[DATA EXCERPTS]
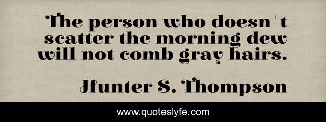 This page presents the quote "The person who doesn't scatter the morning dew will not comb gray hairs.". Author of this quote is Hunter S. Thompson. This quote is about person, gray,.
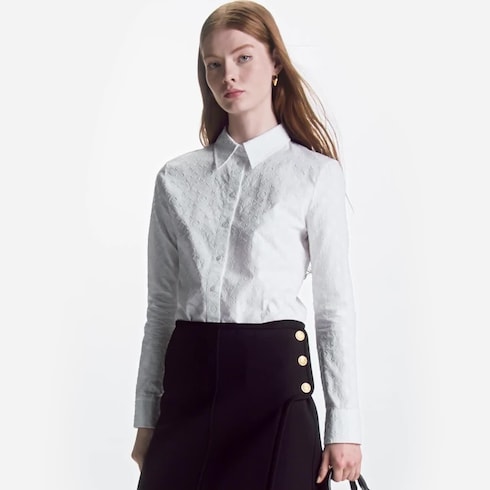 The Long Sleeved Fitted Shirt is essential in the modern woman's wardrobe thanks to its classic cut. It is crafted from smooth cotton poplin and features a refined Monogram motif in fil coupé. A Monogram Flower tab on the sleeve adds a subtle Louis Vuitton signature.
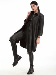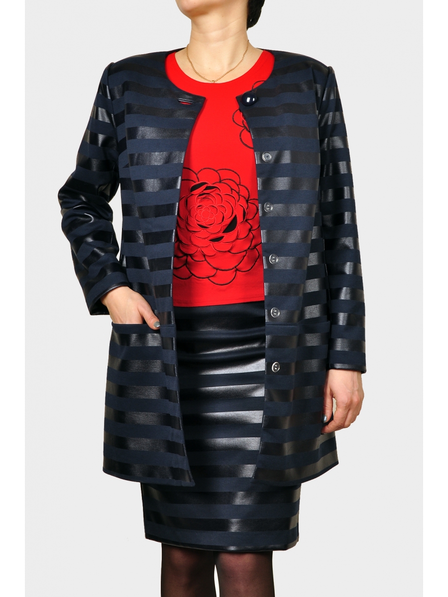 Удлиненный женский жакет из трикотажного полотна с нанесением кожаной полоски шириной 2 см. С карманами, по груди вытачки, застежка пуговица и потайная планка с пуговицами. Жакет на подкладке. По спинке центральный шов.
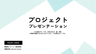 斜めストライプ背景に白いタイトルバックのプレゼンテーションテンプレート
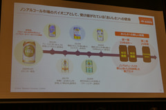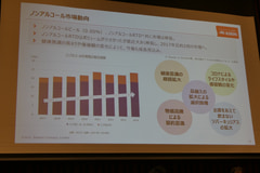 木村氏は冒頭、お酒を取り巻く社会環境や消費者の意向が変化するなかにおいて、同社として「DRINK FOR FUTURE ―未来に向けた責任―」というスローガンを掲げ、酒類メーカーとしての社会的責任を果たしていくという方針を説明。さまざまな啓発活動を行なったり、学術的な研究に取り組んだりすることとあわせ、ノンアルコールや低アルコールの構成比を増やしていくとする。
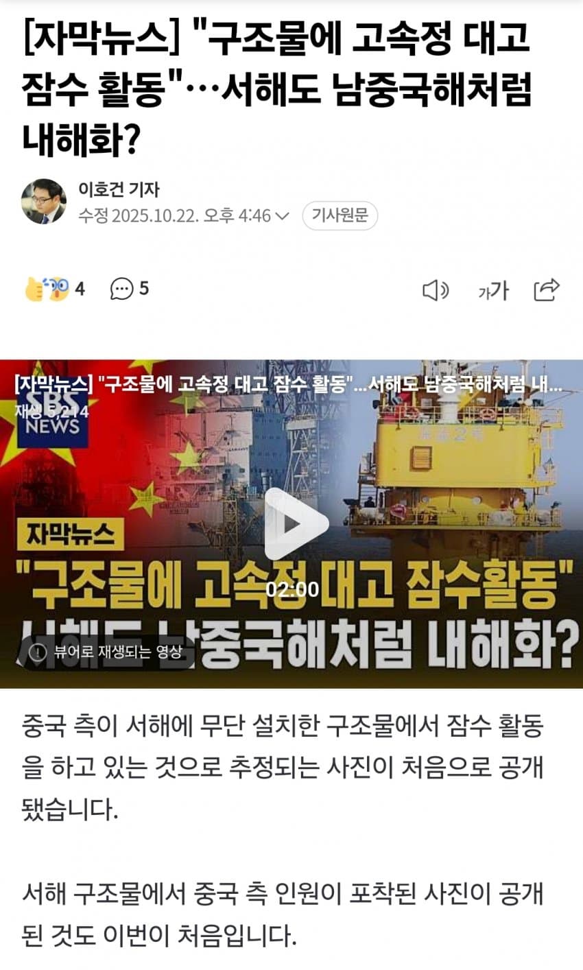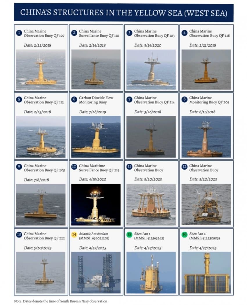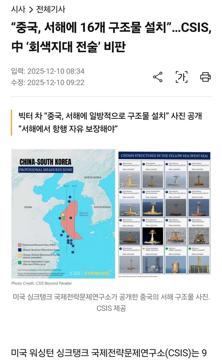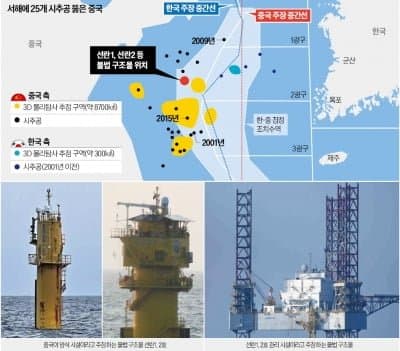 한국에서는 서해에 중국 인공 구조물 3개 생겼다고 기사 떴었는데

[WHAT YOU HAVE TO DO] Please copy the data above exactly, omitting the pictures.

[THE ANSWER]
 This page presents the quote "The person who doesn't scatter the morning dew will not comb gray hairs.". Author of this quote is Hunter S. Thompson. This quote is about person, gray,.
 The Long Sleeved Fitted Shirt is essential in the modern woman's wardrobe thanks to its classic cut. It is crafted from smooth cotton poplin and features a refined Monogram motif in fil coupé. A Monogram Flower tab on the sleeve adds a subtle Louis Vuitton signature.
 Удлиненный женский жакет из трикотажного полотна с нанесением кожаной полоски шириной 2 см. С карманами, по груди вытачки, застежка пуговица и потайная планка с пуговицами. Жакет на подкладке. По спинке центральный шов.
 斜めストライプ背景に白いタイトルバックのプレゼンテーションテンプレート
 木村氏は冒頭、お酒を取り巻く社会環境や消費者の意向が変化するなかにおいて、同社として「DRINK FOR FUTURE ―未来に向けた責任―」というスローガンを掲げ、酒類メーカーとしての社会的責任を果たしていくという方針を説明。さまざまな啓発活動を行なったり、学術的な研究に取り組んだりすることとあわせ、ノンアルコールや低アルコールの構成比を増やしていくとする。
 한국에서는 서해에 중국 인공 구조물 3개 생겼다고 기사 떴었는데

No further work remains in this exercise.